# sauvegarde iCloud



## lolote95 (3 Juin 2018)

Bonjour

ça fait des mois que ma sauvegarde iPhone ne fonctionne plus avec iTunes, ça marque toujours "iPhone déconnecté" donc je cherche un nouveau moyen de sauvegarder mon téléphone et j'ai vu que je pouvais le faire avec iCloud mais je n'ai jamais compris comment fonctionner ce iCloud, pouvez vous m'éclairer un peu svp ... ??

merci beaucoup


----------



## Jura39 (3 Juin 2018)

Bonsoir,

un peu de lecture  

Pour info , j'ai supprimer , votre topic similaire sur la mauvaise section


----------



## lolote95 (3 Juin 2018)

ok merci j'ai déjà lu cette page mais ça ne répond pas vraiment a toutes mes questions, est ce comme la sauvegarde iTunes ? et savait vous pourquoi la sauvegarde iTunes ne fonctionne plus ?


----------



## Jura39 (3 Juin 2018)

votre iTunes est il a jour?


----------



## lolote95 (3 Juin 2018)

oui tout est à jour, je me dis que c'est peut être ma sauvegarde qui  a un problème du coup je ne sais plus comment faire et iCloud je ne comprends pas grand chose ... est ce que ça sauvegarde tout de la même façon que iTunes ? si je change diphone par exemple, je pourrais tout récupérer de la même manière ?


----------



## Jura39 (3 Juin 2018)

Vous etes sur Mac ou pc ?


----------



## lolote95 (3 Juin 2018)

Mac


----------



## Deleted member 1120647 (3 Juin 2018)

lolote95 a dit:


> ok merci j'ai déjà lu cette page mais ça ne répond pas vraiment a toutes mes questions, est ce comme la sauvegarde iTunes ? et savait vous pourquoi la sauvegarde iTunes ne fonctionne plus ?



Salut,

Pour répondre à la question : c’est mieux que la sauvegarde iTunes parce qu’en plus des donnés de compte, des contacts, du calendrier, des tâches etc. on peut choisir les données des applications qu’on veut sauvegarder dans les réglages. C’est aussi plus rapide et plus simple quand on restaure un appareil. Enfin, le fait que ce soit automatique quand l’appareil est connecté en wifi, branché sur le courant et verrouillé est aussi très pratique (on peut aussi le faire manuellement). Pour résumer, depuis que je suis passé sur Apple Music je n’ai plus branché iPhone et iPad à l’ordi ! Enfin/2 plus pratiquement vos données ne sont plus sur un ordi mais sur un serveur Apple (en Europe il se trouve au Danemark je crois) et sont accessibles avec vos coordonnées de compte. Pour la sécurité et la confidentialité, un peu de lecture : https://support.apple.com/fr-fr/HT202303

Pour la deuxième question, il est impossible de répondre sans avoir plus de détails : votre iPhone (avec version d’iOS), votre ordi (Mac, PC, version d’OS), si tout ça est à jour, si iTunes est à jour, si le câble lightning fonctionne correctement et surtout quel est le comportement d’iTunes qui vous fait dire exactement que la sauvegarde ne fonctionne pas : le iPhone n’est pas reconnu du tout par iTunes ? Est-ce qu’il entame la synchronisation mais s’arrête avec le message que vous dites ?

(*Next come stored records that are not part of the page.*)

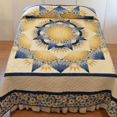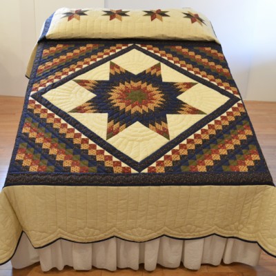 This quilt marries the popular Lone Star pattern with a Boston Commons pattern.
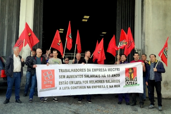 Os trabalhadores da Mecfri Indústria de Refrigeração, em Quinchães (Fafe), fizeram greve nas quatro sextas-feiras de Abril. Na última, dia 27, concentraram-se no exterior das instalações, exibindo uma faixa a denunciar que nos últimos 15 anos não há aumentos salariais na empresa (na foto).
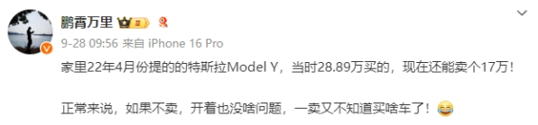 随着新能源汽车市场的日益繁荣,消费者对电动车的接受度逐渐提高。然而,关于电动车的保值率问题一直是业界和消费者关注的焦点。近期,有博主声称其2022年4月份购买的特斯拉Model Y(28.89万元),在两年半后仍能以17万元的价格出售,引发了关于电动车保值率的广泛讨论。
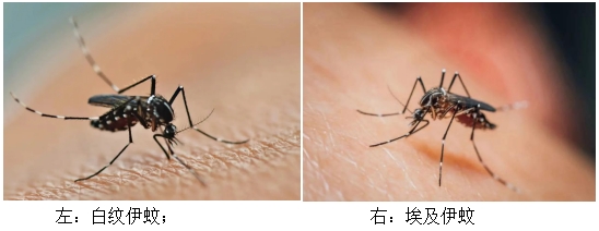 白纹伊蚊分布较广,分布区位于北起沈阳,经河北秦皇岛,山西太原,甘肃天水、陇南,四川雅安,至西藏墨脱一线及其东南侧。埃及伊蚊主要分布于我国海南沿海市(县)及火山岩地区,广东雷州半岛小部分地区,云南西双版纳州、德宏州和临沧市等三州市的边境区县,台湾嘉义县以南和澎湖县部分地区。
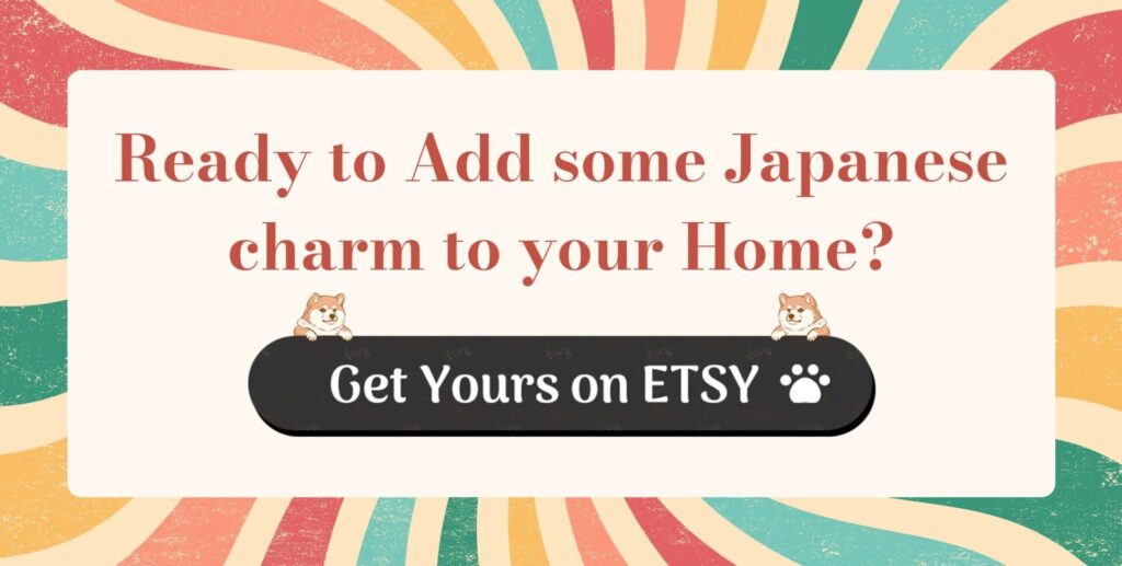「Ready to Add some Japanese charm to your Home?」という問いかけコピーで、読者に行動を促しつつ、Etsy購入ボタンをシンプルで親しみやすいデザインに仕上げました。
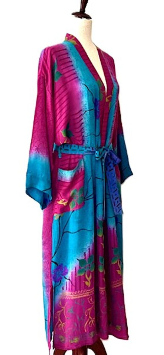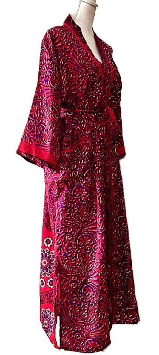 Long Silk Kimono Duster, Elegant Complex Mixed Print And Elegant (Raspberry)
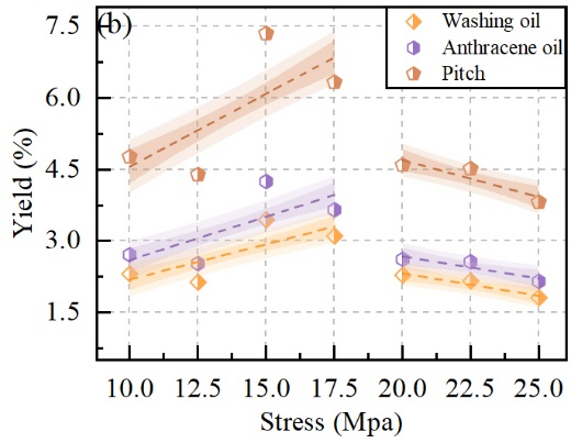 图9煤焦油各馏分产率与应力的关系(a.轻质馏分;b重质馏分)
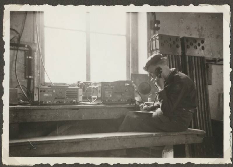 Oefening IJspegel vond plaats in het waterzuiveringsgebouw tegen de duinen van Hilversum. Het laboratorium werd als slaapplaats benut. We zien twee groepsopstellingen van mannen met verkleumde gezichten en een foto waarop te zien is hoe ze in de ijzige kou een antenne afbreken. Dat het koud is, geeft de ondertitel bij de foto aan en de veelzeggende schets.

EDIT : je viens de voire les premières réponses, ce serait bien d’avoir les infos demandées en une seule fois, ça irait plus vite, surtout pour vous


----------



## lolote95 (3 Juin 2018)

ok désolé je te répond : iPhone 7 iOS 11.4, mac 10.13.4,  iTunes est à jour, le câble est tout neuf (j'ai changé 3 fois et tjr le même problème), quand je branche lipome a iTunes il est reconnu, les musiques se synchronisent et quand je fais "sauvegarder l'iphone" tout s'arrête et ça marche "lipome n'est plus Connecté", j'ai vu sur internet que bcp de gens ont le même problème et que apparement c'est la sauvegarde qui aurait un problème mais je ne sais pas trop si c'est ça ou pas... et concernant iCloud je n'ai pas assez d'espace du coup j'ai vu qu'il y a des forfaits dont un a 50go pour 0,99euros mais je ne veux pas un forfait, je souhaite juste 50go comment faire ? je veux payer une fois, avoir mes gigas et arrêter tout prélèvement, je peux ?

Merci pour vos réponses


----------



## Deleted member 1120647 (3 Juin 2018)

Hum, de mémoire la sauvegarde se fait avant la synchronisation de la musique et il n’est pas nécessaire de refaire une sauvegarde après. Mais ce que je vous dis concerne les PC, peut-être que sur Mac c’est différent.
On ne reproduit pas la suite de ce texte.